Девушка смотрит на него испытующе, пока сопровождающий пожилой создатель представляет её:
- Хан, познакомься, это твоя пара - Ханна Нуньен Сингх, - улыбается, как кажется Хану, издевательски и, подхватывая девушку за руку (что ей, как успевает заметить Хан, неприятно), вручает её ладонь в руку будущему командиру чужих подразделений.
Девушка смотрит почти враждебно - явно успели надоесть такие манеры, такие взгляды и такие люди, и она совершенно точно считает Хана плохой альтернативой.

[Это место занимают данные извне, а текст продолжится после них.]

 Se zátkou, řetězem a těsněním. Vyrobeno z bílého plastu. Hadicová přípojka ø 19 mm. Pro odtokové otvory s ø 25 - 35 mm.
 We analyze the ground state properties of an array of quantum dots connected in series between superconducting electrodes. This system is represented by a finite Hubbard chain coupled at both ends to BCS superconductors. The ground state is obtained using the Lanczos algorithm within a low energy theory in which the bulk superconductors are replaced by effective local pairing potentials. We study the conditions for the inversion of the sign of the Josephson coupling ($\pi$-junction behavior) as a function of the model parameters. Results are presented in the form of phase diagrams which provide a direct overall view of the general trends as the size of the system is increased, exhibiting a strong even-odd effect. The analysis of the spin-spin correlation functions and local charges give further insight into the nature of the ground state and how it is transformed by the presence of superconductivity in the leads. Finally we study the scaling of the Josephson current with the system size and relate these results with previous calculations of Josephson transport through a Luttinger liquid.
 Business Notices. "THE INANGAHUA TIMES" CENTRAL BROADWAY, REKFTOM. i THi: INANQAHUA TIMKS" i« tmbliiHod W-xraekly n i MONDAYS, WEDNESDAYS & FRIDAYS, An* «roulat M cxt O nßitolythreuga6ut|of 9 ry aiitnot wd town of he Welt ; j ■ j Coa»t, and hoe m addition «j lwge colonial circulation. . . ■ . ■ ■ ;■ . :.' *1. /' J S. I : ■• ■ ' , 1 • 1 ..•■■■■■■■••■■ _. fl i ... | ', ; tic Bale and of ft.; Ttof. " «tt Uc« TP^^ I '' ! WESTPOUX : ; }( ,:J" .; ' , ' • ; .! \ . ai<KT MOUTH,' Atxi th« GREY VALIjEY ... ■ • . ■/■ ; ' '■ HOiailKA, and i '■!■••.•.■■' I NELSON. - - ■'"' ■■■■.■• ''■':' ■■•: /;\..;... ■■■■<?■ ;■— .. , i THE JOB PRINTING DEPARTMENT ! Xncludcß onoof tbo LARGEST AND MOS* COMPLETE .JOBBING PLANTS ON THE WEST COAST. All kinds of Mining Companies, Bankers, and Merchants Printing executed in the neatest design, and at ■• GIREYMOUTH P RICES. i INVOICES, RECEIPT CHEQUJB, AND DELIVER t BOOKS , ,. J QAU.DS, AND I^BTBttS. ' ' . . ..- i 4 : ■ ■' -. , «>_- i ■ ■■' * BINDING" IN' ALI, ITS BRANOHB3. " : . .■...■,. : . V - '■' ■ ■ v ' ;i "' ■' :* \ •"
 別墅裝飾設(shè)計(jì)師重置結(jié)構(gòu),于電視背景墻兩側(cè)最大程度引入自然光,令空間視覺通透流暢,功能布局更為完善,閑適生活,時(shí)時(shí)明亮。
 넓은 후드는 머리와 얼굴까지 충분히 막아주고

Но её, как и его, никто не спрашивает.
Однако Хана прикосновение к этой ладони - довольно широкой и сильной - как будто пробуждает: нет больше чувства пустоты и незавершенности, недостающий элемент гармонии найден, теперь он будет её защищать.
Поэтому будущий диктатор целует руку (стандартное приветствие, выученное на первых уроках) девушки, а потом, не выпуская изящной кисти, прячет Ханну за свою спину: никто больше не будет любоваться на неё почти раздетую! Пожилой создатель усмехается, как кажется Хану, с затаенной злобой, и командует сопровождению “на выход”. Но - разумеется! конечно же! - не может уйти без напутственных слов:
- Ты только её сразу не насилуй, она пока не пришла в детородное состояние - слишком молода! - разумеется, очередная гадость! - Ханна с тобой заочно знакома: мы показали ей последний полевой тест.

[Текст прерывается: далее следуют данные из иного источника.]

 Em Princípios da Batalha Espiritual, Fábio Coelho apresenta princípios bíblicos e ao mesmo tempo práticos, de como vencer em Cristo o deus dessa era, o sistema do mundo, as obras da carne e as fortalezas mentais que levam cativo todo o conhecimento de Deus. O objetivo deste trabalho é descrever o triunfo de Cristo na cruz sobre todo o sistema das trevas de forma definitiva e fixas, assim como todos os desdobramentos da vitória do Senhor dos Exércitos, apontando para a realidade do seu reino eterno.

Хан всё также удерживает девушку за спиной, дожидаясь, пока неприятный гость уйдет, благо - рост позволяет: она больше чем на голову его ниже и нисколько не шире.
Пожилой создатель самым брезгливым тоном желает им счастья в любви, Хан чувствует, как напрягается ладонь его - его? да, разумеется, его! - Ханны, и только бережнее перехватывает пальцы.
Наконец, естественно созданный человек выходит, и Хан остается наедине со своей Ханной. Стоит ему обернуться, как она вскидывает на него взгляд, в котором диким коктейлем мешаются ненависть, ярость, смущение, беспокойство и злоба.
Впрочем, на третьем месяце жизни Хана уже этим не пронять. Он тихо и внятно произносит:
- Я не причиню тебе вреда, - всю гамму чувств из взгляда вытесняет одно сомнение. Ну да. Они же показали ей “последний тест”, в котором Хан жестоко расправляется с превосходящими силами противника. Вряд ли она ему так сразу поверит. - Иди за мной.
Ханна хмыкает, неулыбчивое лицо становится недоверчивым, но Хан не выпускает её руку - и волей-неволей приходится идти за ним.
Вторая спальня пока удручающе пуста, там нет даже гардероба с одеждой, поэтому Хан ведет её к себе. Девушка явно напрягается, но он останавливается возле шкафа, а не у кровати, достает один из своих комбинезонов и помогает Ханне облачиться. В закрытой одежде ей явно комфортнее, и Хана обжигает взглядом, с таящейся, запрятанной, почти скрытой в нем благодарностью.
***
Боль опять возвращает диктатора к печальной реальности: доктор уже не ругается, он уныло бормочет что-то об идиотах, идиотах и ещё раз - идиотах, которые хватаются за оголенные провода неприкрытыми руками и оголенной спиной. Хан только успевает заинтересоваться - как можно схватиться за оголенные провода оголенной спиной? - как его прошивает очередной импульс боли. И доктор ругается уже гораздо тише, и писк приборов опять освобождает место воспоминаниям…
***
Весь месяц совместного сосуществования Хана преследует ощущение, что их связь задействована не до конца: чувство пустоты и незавершенности исчезло, он иногда ощущает присутствие Ханны рядом до того, как она себя обнаружит, но любая попытка потянуться к ней разумом, продемонстрировать свои чувства оборачивается провалом: всё, что открывается его внутреннему взору - это глухая стена. Девушка отгораживается от него всеми возможными способами, и он не может её за это винить.
Хан видит, что она его боится - не так, как создателей, но тоже очень (для него, с его обостренным восприятием) ощутимо. Она боится и отгораживается, всеми способами дает понять, что не считает своего соседа другом или даже союзником, а только сожителем, причем - временным.